MreB, A Prokaryotic Actin Homologue, Contributes To Cell Stiffness In E. Coli

Abstract

Genetic and microscopy studies have shown that the newly discovered bacterial cytoskeleton is essential for the maintenance of cell shape in many prokaryotes. Moreover, the localization of different components of the cytoskeleton correlates with the localization of cell-wall-synthesis enzymes and of newly added cell-wall material. These correlations suggest that the cytoskeleton controls cell shape by regulating the location of cell-wall synthesis. However, whether the cytoskeleton also applies mechanical forces inside of cells is unknown.

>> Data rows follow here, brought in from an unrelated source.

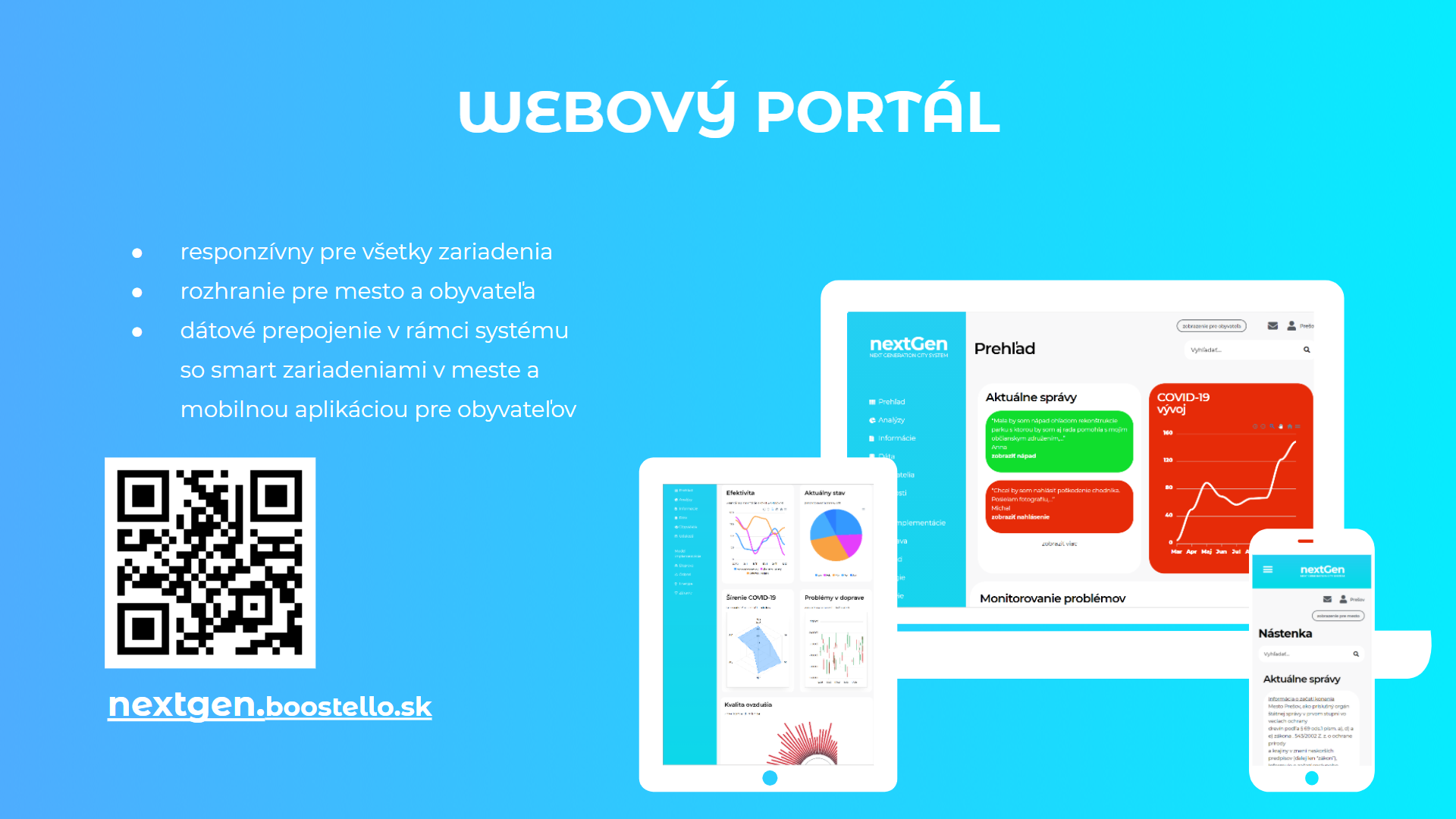 "Náš tím navrhol ako svoje riešenie systém s názvom nextGen. Súčasťou tohto systému je webový portál, mobilná aplikácia a implementačný model mesta. Týmto riešením sme sa zamerali na komplexnosť a digitalizáciu mesta, čím zvyšujeme efektivitu riadenia, zlepšujeme kvalitu života obyvateľov a to všetko so zreteľom na ekologické správanie (viac informácií nájdete aj v našej webovej appkehttps://nextgen.boostello.sk).” - Daniela Chovancová (tímlíderka)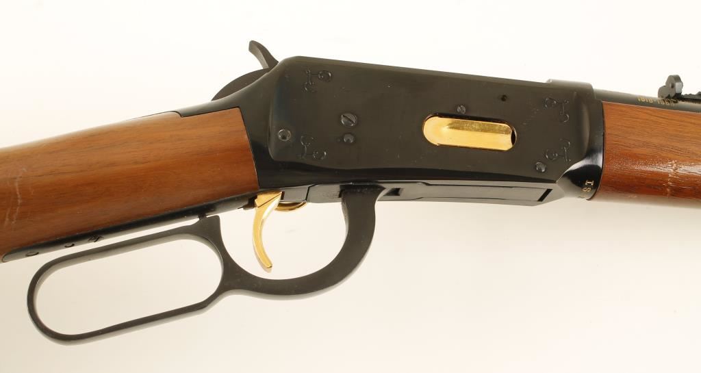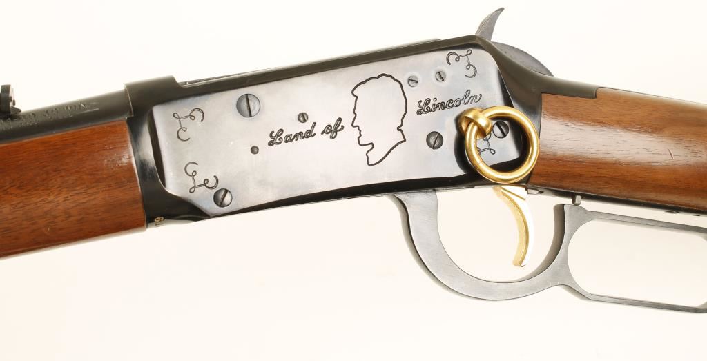 Issued to commemorate the sesquicentennial of Illinois in 1968. Blued saddle ring carbine with gold plated highlights on the saddle ring, butt plate, spring cover, trigger and barrel. Barrel has a small scratch and the magazine tube has a smaller scratch. Lever has a tiny scrape. Wood has a few tiny dings and rubs and scratches. Butt stock has a medallion inlaid in it. Bore is pristine. Action is tight. No box or papers. Condition is very good to excellent. *Modern Firearm*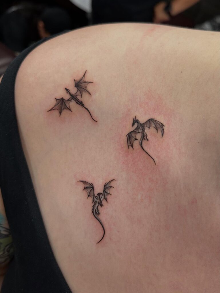 This tattoo features three delicate dragons on the shoulder blade, each depicted in minimalist fine linework. The small designs are carefully spaced to create a sense of movement, as though the dragons are gliding across the back.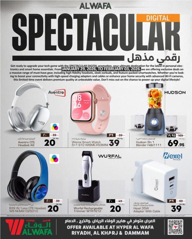 نقدم لكم اليوم عروض الوفاء هايبر ماركت الخميس 10-8-1447هـ الموافق 29 يناير 2026 و تشمل أجهزة المطبخ مثل الخلاطات ومطاحن القهوة وأدوات طهي الأرز وصانعات الساندوتشات والغسالات والمكاوي الكهربائية بالإضافة إلى تشكيلة واسعة من مستلزمات التقنية مثل سماعات الأذن اللاسلكية وسماعات الرأس الكبيرة والساعات الذكية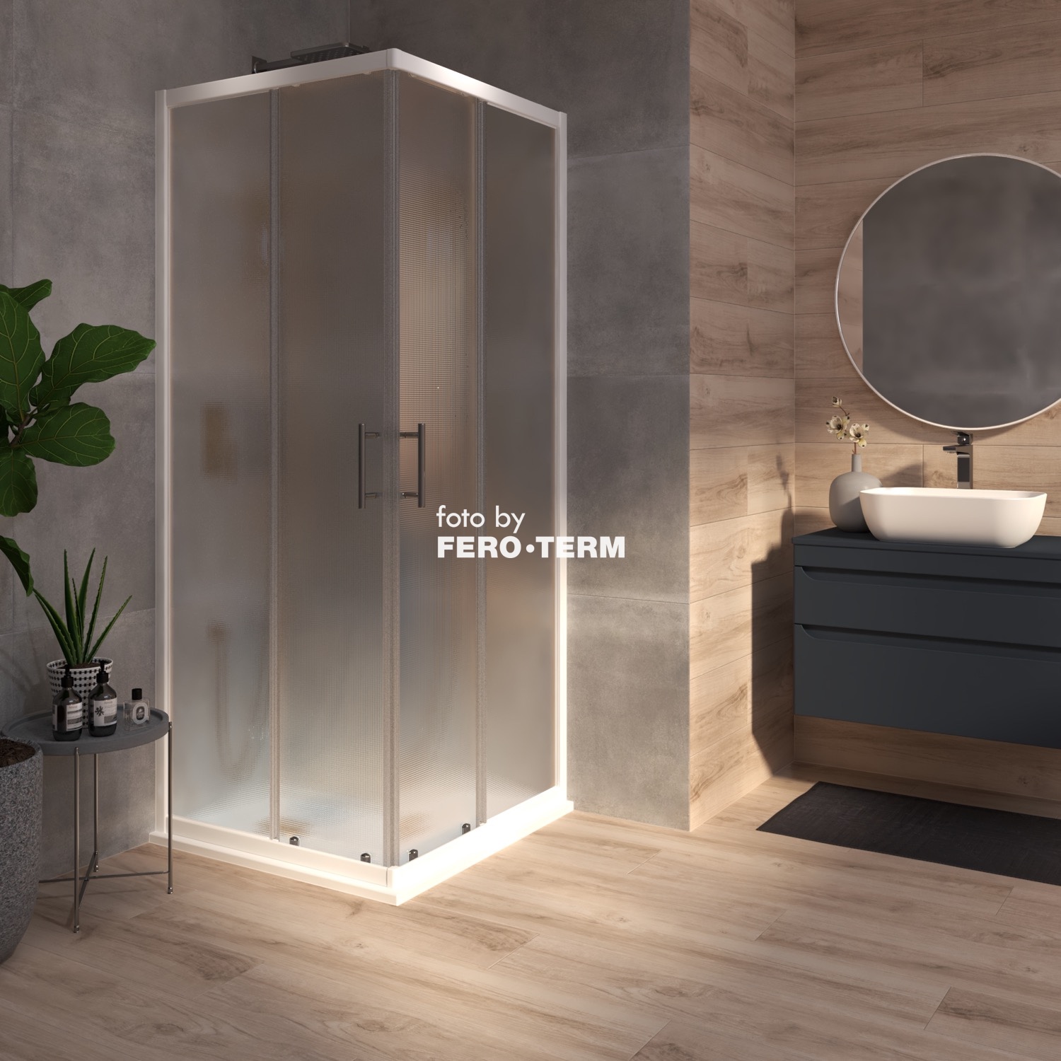 N11767 | Tuš kabina kvadratna Voxort Blue, 80, ornament/bijela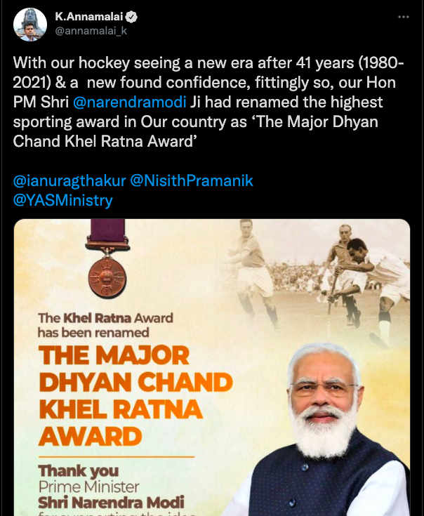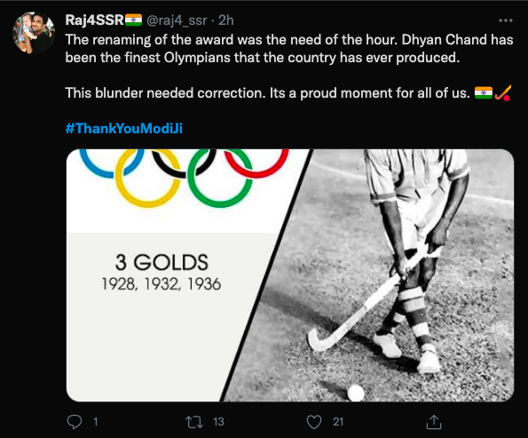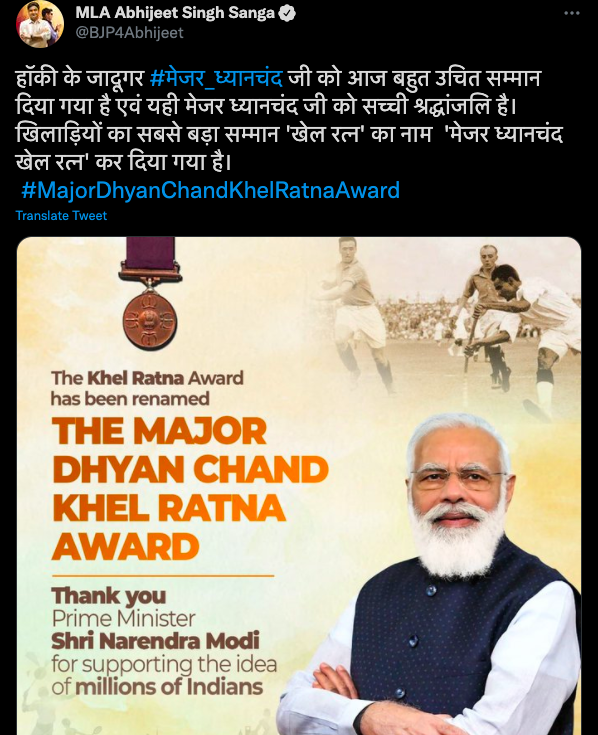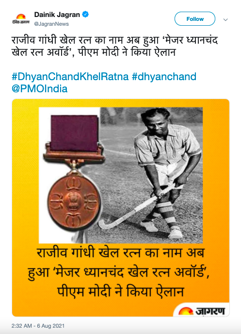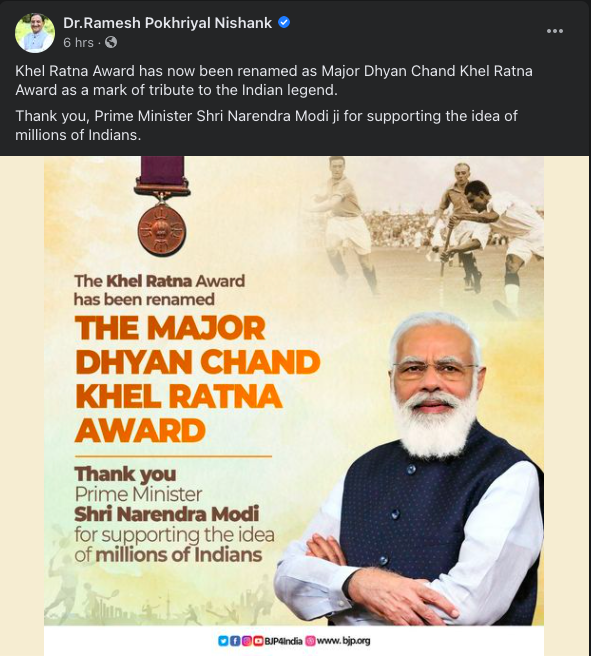 प्रधानमंत्री नरेंद्र मोदी ने राजीव गांधी खेल रत्न पुरस्कार का नाम बदलकर मेजर ध्यानचंद खेल रत्न किए जाने की घोषणा की है। पीएम ने अपने ट्विटर अकाउंट से लिखा कि खेल जगत के इस प्रतिष्ठित पुरस्कार का नाम बदले जाने की मांग पिछले कई समय से की जा रही थी। इस घोषणा के बाद से ही सोशल मीडिया पर #thankyoumodiji ट्रेंड करने लगा।

To address this issue, a quantitative measurement of the role of cytoskeletal proteins in cell mechanics is needed.We used an optical trap to measure the elasticity of live E. coli cells. Upon the addition of A22, a drug that promotes the disassembly of MreB filaments, cells become significantly weaker in their resistance to cell bending. This effect is reversible, and cells recover wild-type stiffness when A22 is removed from the environment. Our results show that MreB, a bacterial actin homologue, contributes as much to the stiffness of a cell as the peptidoglycan cell wall. This is the first direct evidence that the bacterial cytoskeleton contributes to the mechanical integrity of a cell in much the same way as it does in eukaryotes.